VCF is ok as a suitcase for small-scale variation and to a lesser extent, annotation. But you can't live out of your suitcase forever.
VCF isn't a database, and will never support region and sample queries at scale or at "web-speed" in the era of national biobanks. Even its usefulness in transmitting variants is not sustainable past a few thousand samples. Annotation can also be problematic given that everything needs to be serialized into the INFO field. The shift away from joint genotyping and toward single sample gVCFs as the preferred currency further muddies the waters.
There are three or four major types of successors to VCFs as variant warehouses that are worth mentioning.
Spark-based (requires a Spark cluster to scale):
- hail.MatrixTable - based on Parquet. Hail powers a number of analyses on gnomAD, UK Biobank, and other large genomic datasets.
- Glow Spark Dataframe - based on Spark and DeltaLake, Glow offers GloWGR, a distributed version of the regenie GWAS package. Provides user-defined functions (UDFs) and variant normalization functions.
Cloud-vendor managed solutions
Distributed SQL & NoSQL
- OpenCGA - open-source project for storing variant data and associated metadata in MongoDB
- Snowflake - closed-source distributed SQL engine
Multidimensional array based
SciDB - closed-source platform. Hosts large datasets including UK Biobank.
TileDB-VCF (requires a TileDB-Cloud account to scale) - an open source python package that uses serverless TileDB multidimensional arrays indexed on chr, pos, and sample. TileDB-VCF on TileDB-Cloud powers real-time queries for variant browsers as well as large notebook-based analyses that use task graphs in conjunction with UDFs. Disclaimer: I am the product manager for TileDB-VCF.

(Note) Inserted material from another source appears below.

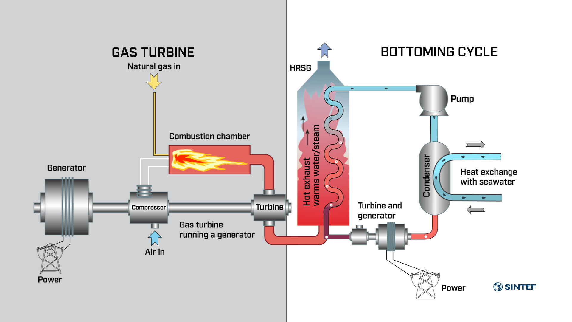 Adding a bottoming cycle to a gas turbine – together called ‘combined cycle’ – can increase the fuel efficiency by 33% and thereby reducing CO2 emissions by 25%.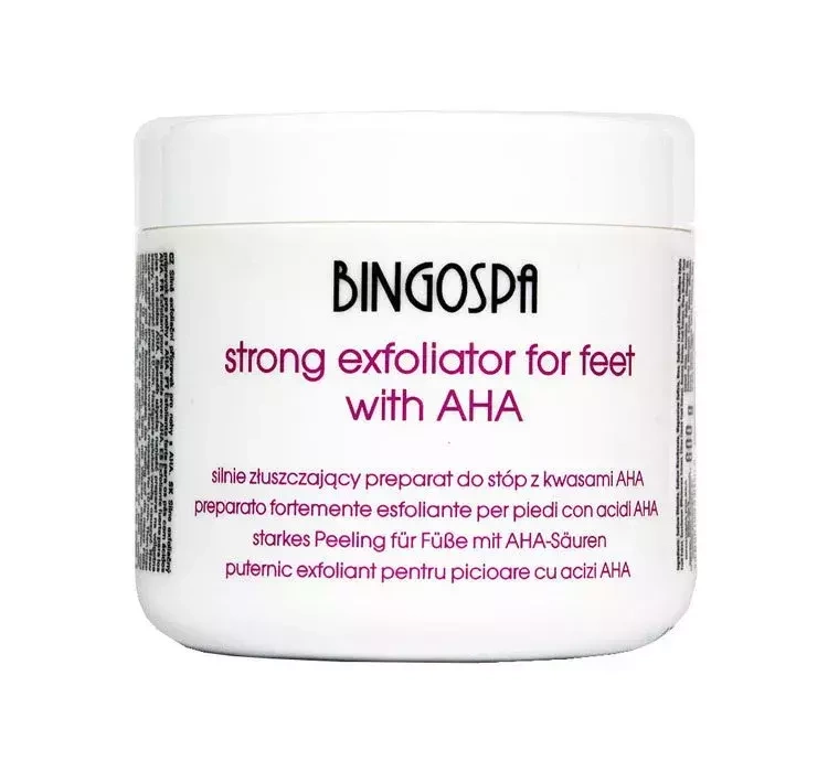 Препарат BingoSpa служит для отслаивания ороговевшего слоя кожи стоп благодаря действию фруктовых кислот AHA (альфа-гидрокислоты), экстрактов и растительных масел с отслаивающими и увлажняющими свойствами.

These solutions have vastly different performance, flexibility, and portability characteristics, as well as different cost structures, infrastructure needs, and varying levels of support for gVCF ref/no-call ranges (the n+1 problem), SVs, and pangenomic graph-based representations. It seems likely the growing interest in multi-omics - combining analyses of genomic variation with transcriptomics, proteomics, cytomics, and imaging - will also shape the future of variant warehouses.